- What is needed
It is required that the lines from the top of the listing through the line with "- 숏기장의 베이직한" be reproduced exactly, excluding pictures.

- Data extracts

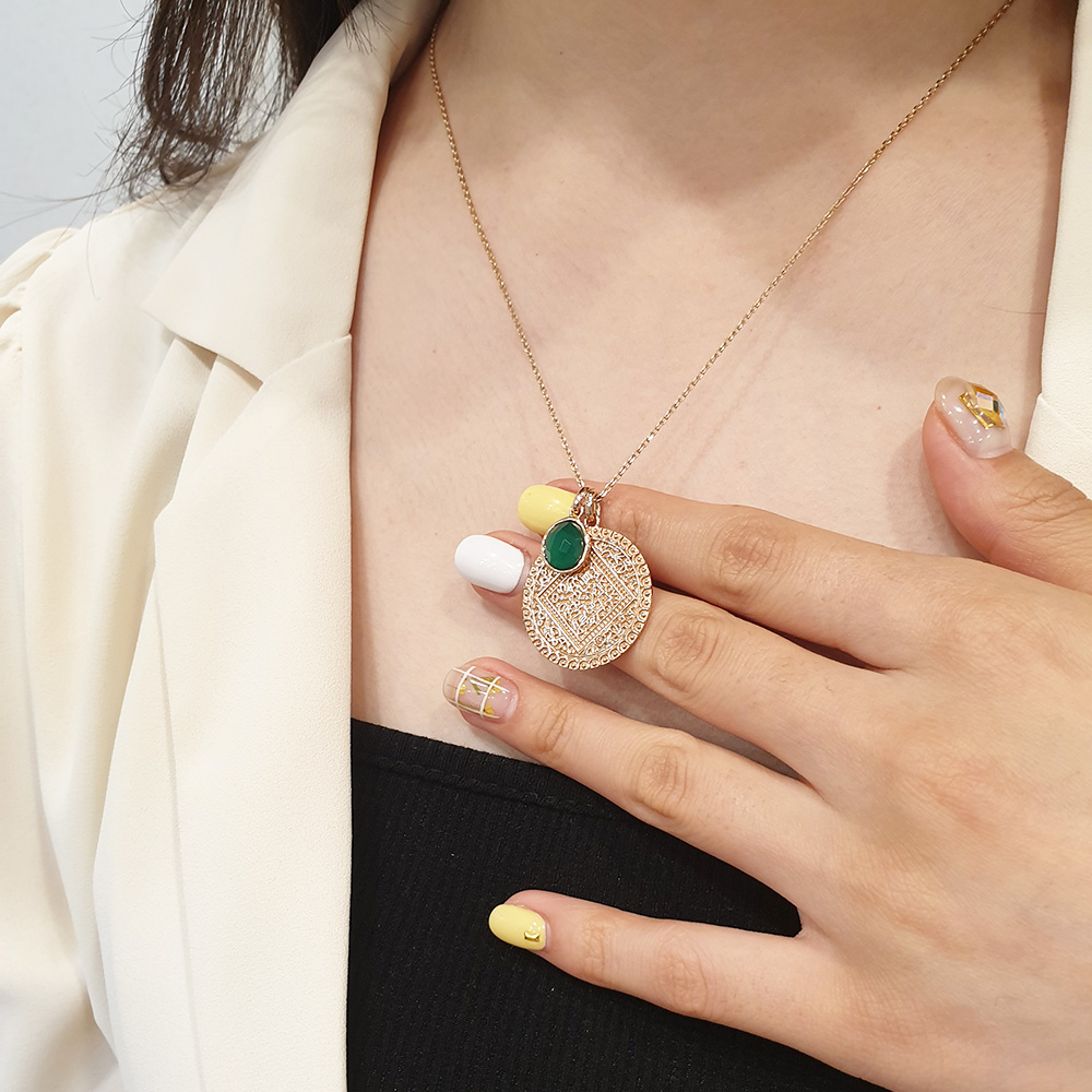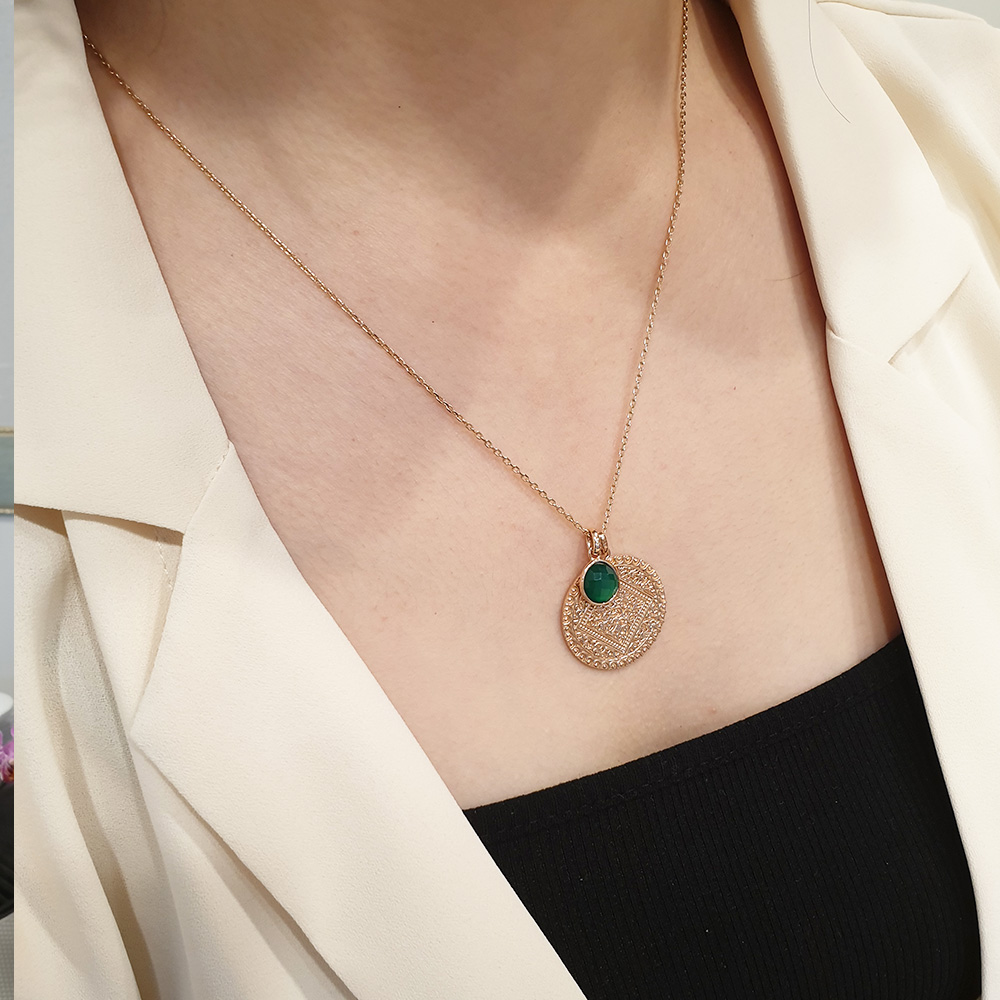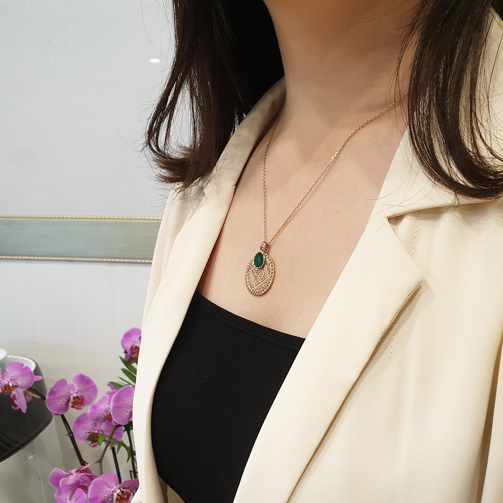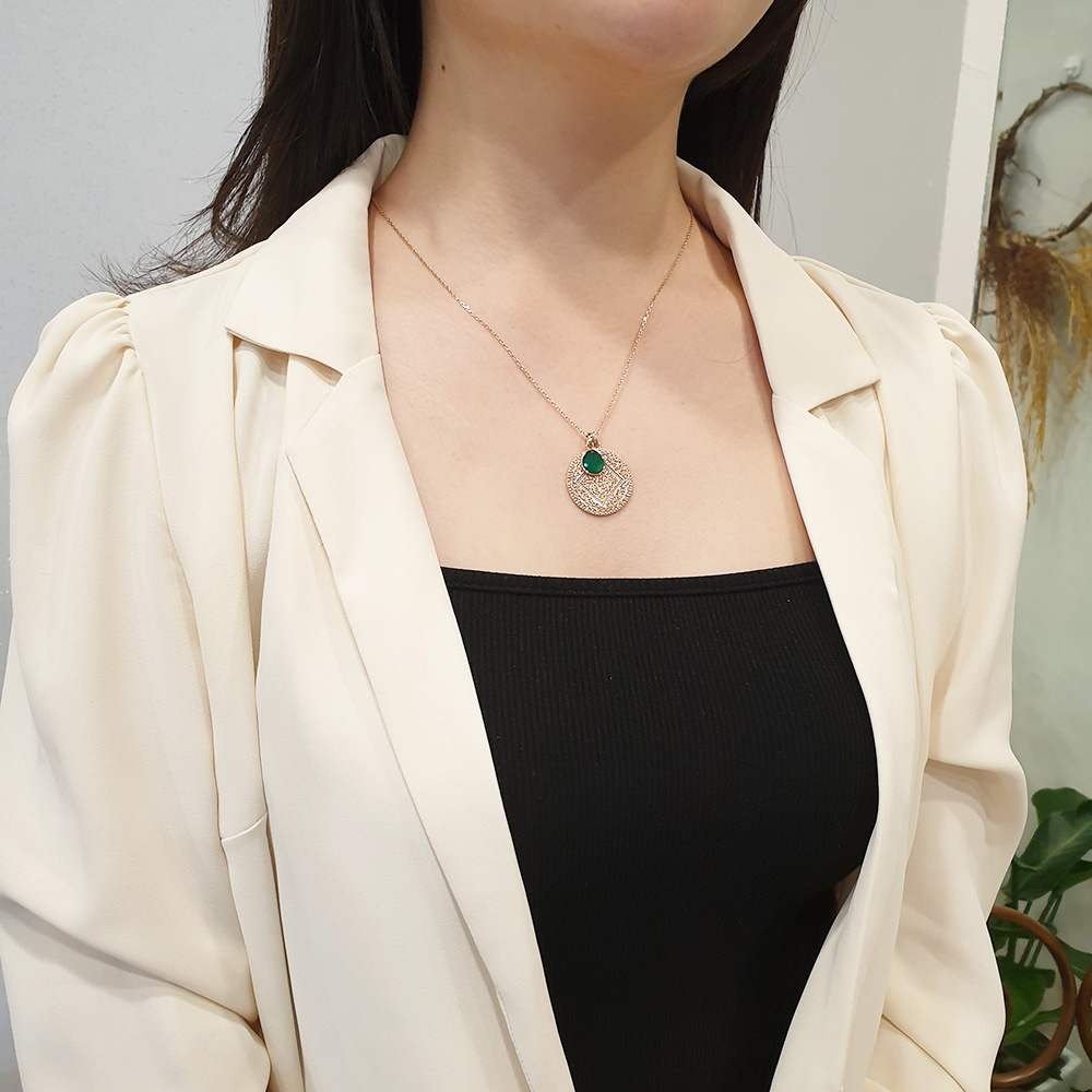 14k 18k 고급무늬 서클 그린오닉스 네클리스 입니다.
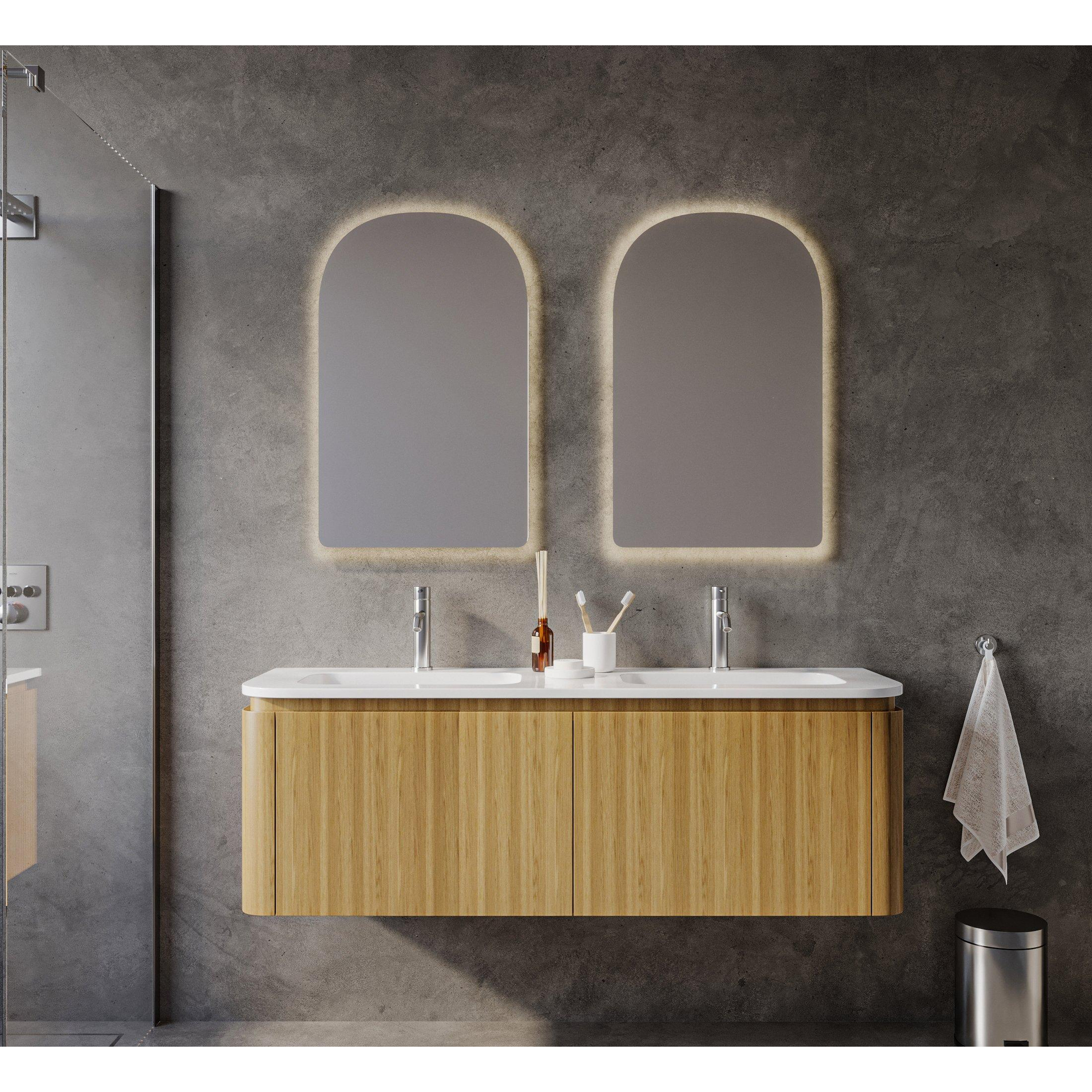 Saniclass Terra Ensemble meuble de salle de bains - 140cm - 4 tiroirs - coins arrondis - 2 vasques - 2 trous de robinet - sandwood (chêne clair)
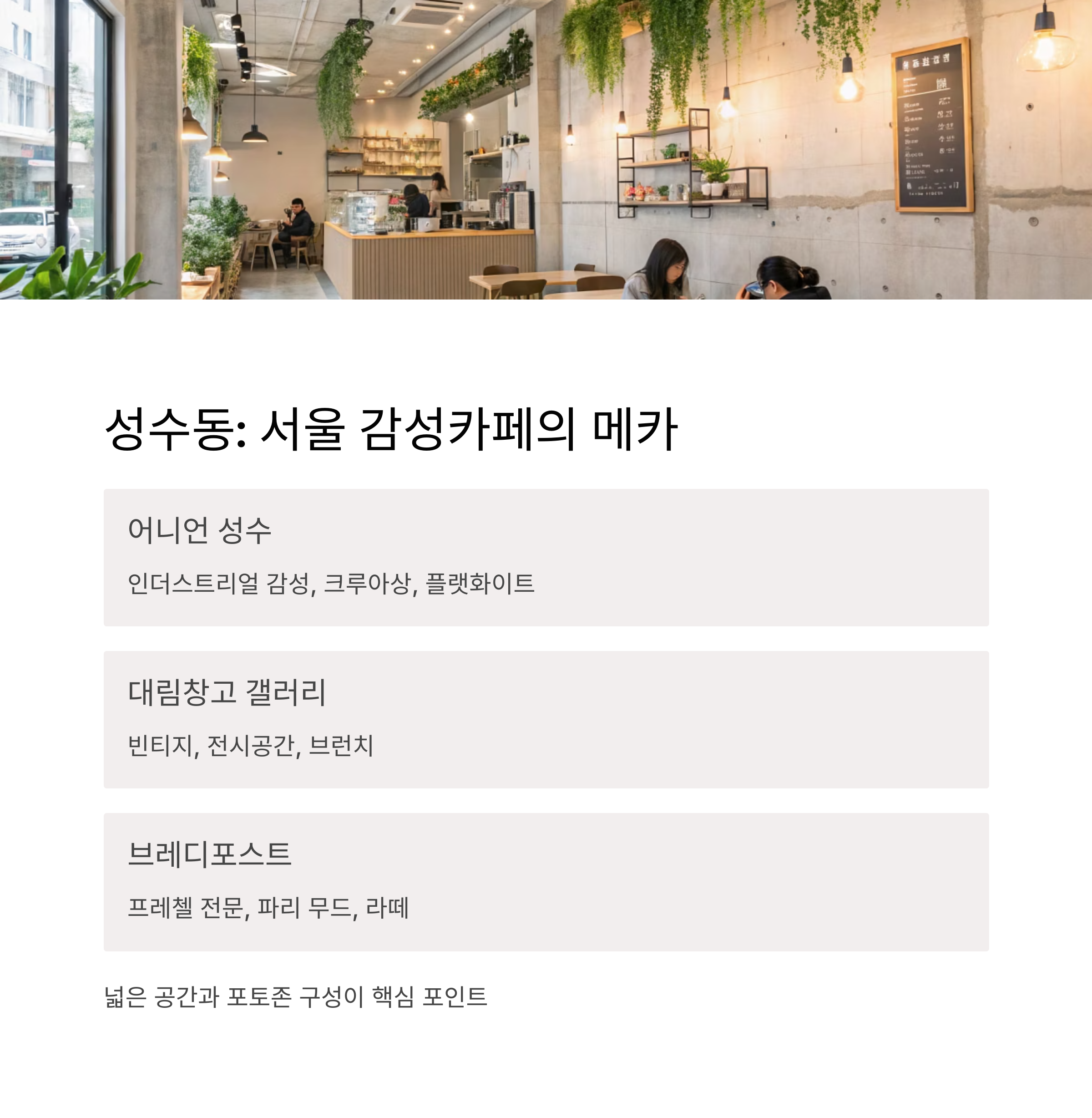 성수동은 여전히 서울 감성카페 트렌드의 중심입니다.
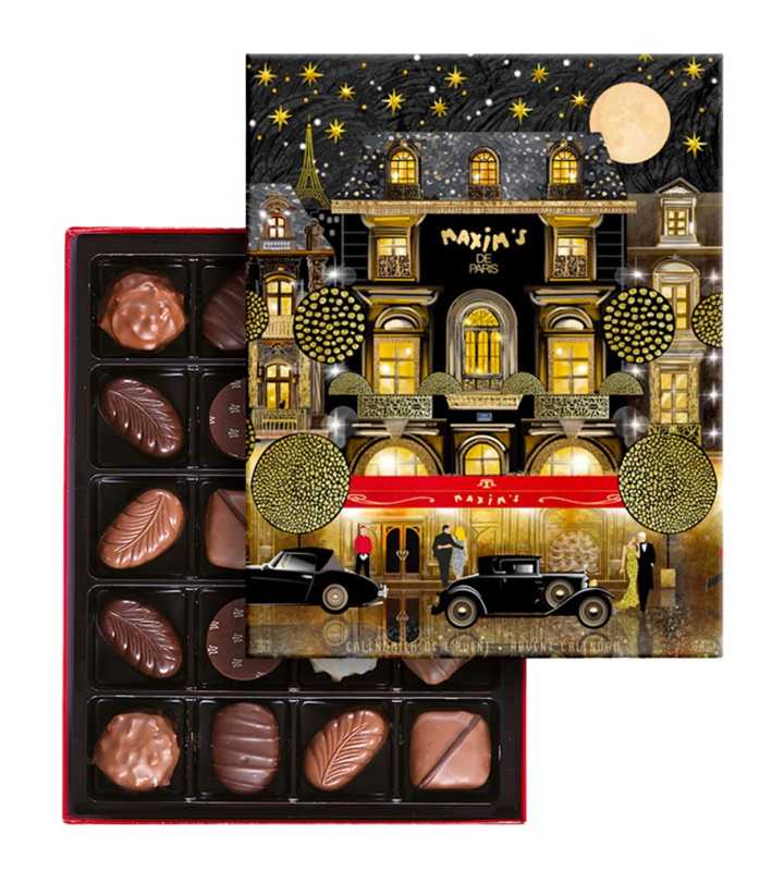 A square tin decorated with the menu of Maxim’s restaurant revealing a savoury collection of dark, milk and white chocolate rochers.
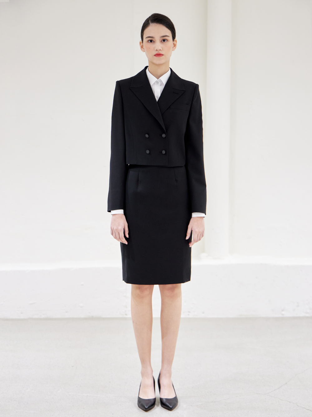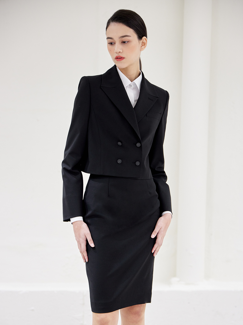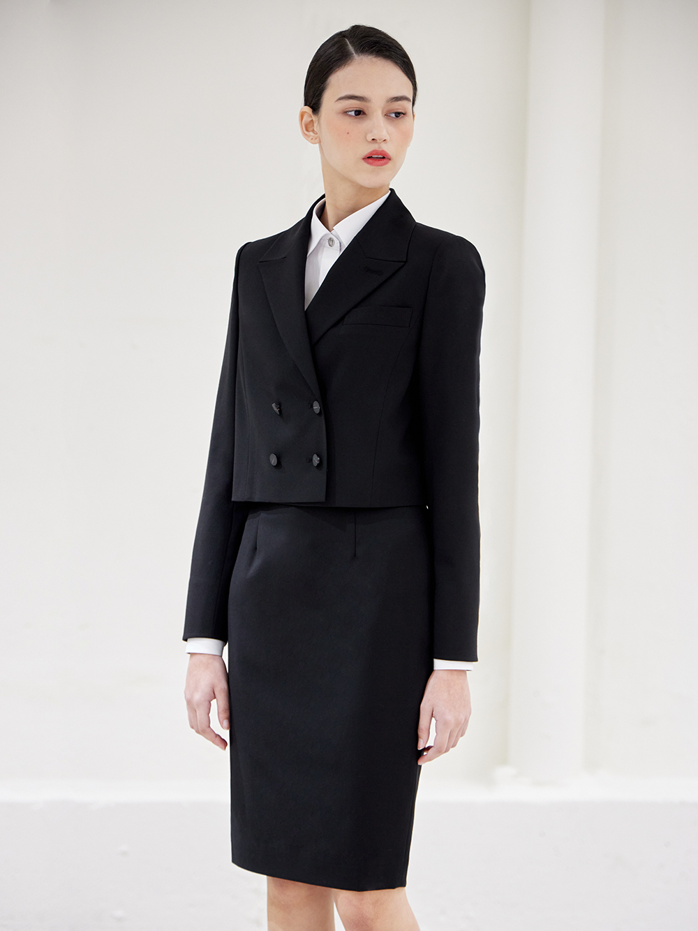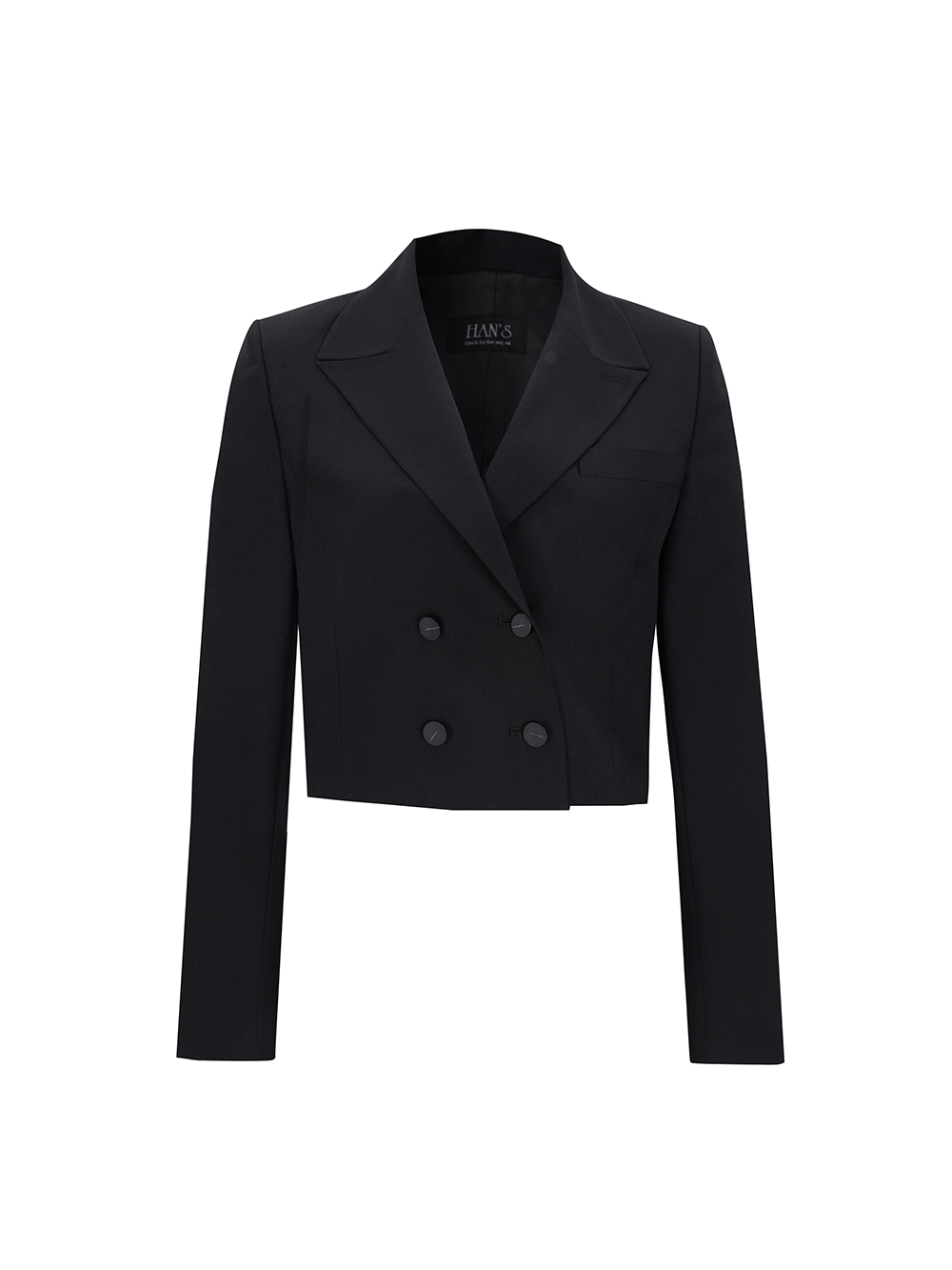 - 숏기장의 베이직한 더블 자켓으로 어깨패드와 함께 깔끔한 핏을 유지해 단정한 분위기를 줍니다.
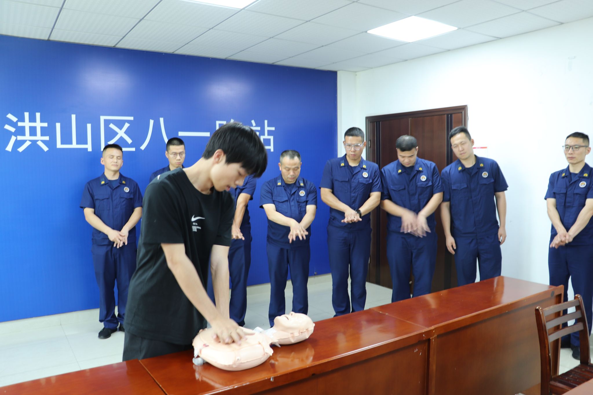 吸收完消防员教授的消防知识后,同学们也发挥专业优势,为消防员们开展了一堂有关心肺复苏(CPR)的模拟实操课。首先,唐姿燕同学详细地介绍了CPR的重要性、操作步骤与注意要点,随后由易曾堂同学为消防员进行CPR实操演习,全方位展示包括判断心脏骤停、正确的按压位置和手法在内的多项关键技能。为了进一步加强消防员对CPR的了解,提升他们的急救能力,同学们还邀请消防员根据所学内容上前进行实操。消防员们纷纷表示学习CPR可以为他们提供更多紧急救援支持。

- Solution for this task
 14k 18k 고급무늬 서클 그린오닉스 네클리스 입니다.
 Saniclass Terra Ensemble meuble de salle de bains - 140cm - 4 tiroirs - coins arrondis - 2 vasques - 2 trous de robinet - sandwood (chêne clair)
 성수동은 여전히 서울 감성카페 트렌드의 중심입니다.
 A square tin decorated with the menu of Maxim’s restaurant revealing a savoury collection of dark, milk and white chocolate rochers.
 - 숏기장의 베이직한 더블 자켓으로 어깨패드와 함께 깔끔한 핏을 유지해 단정한 분위기를 줍니다.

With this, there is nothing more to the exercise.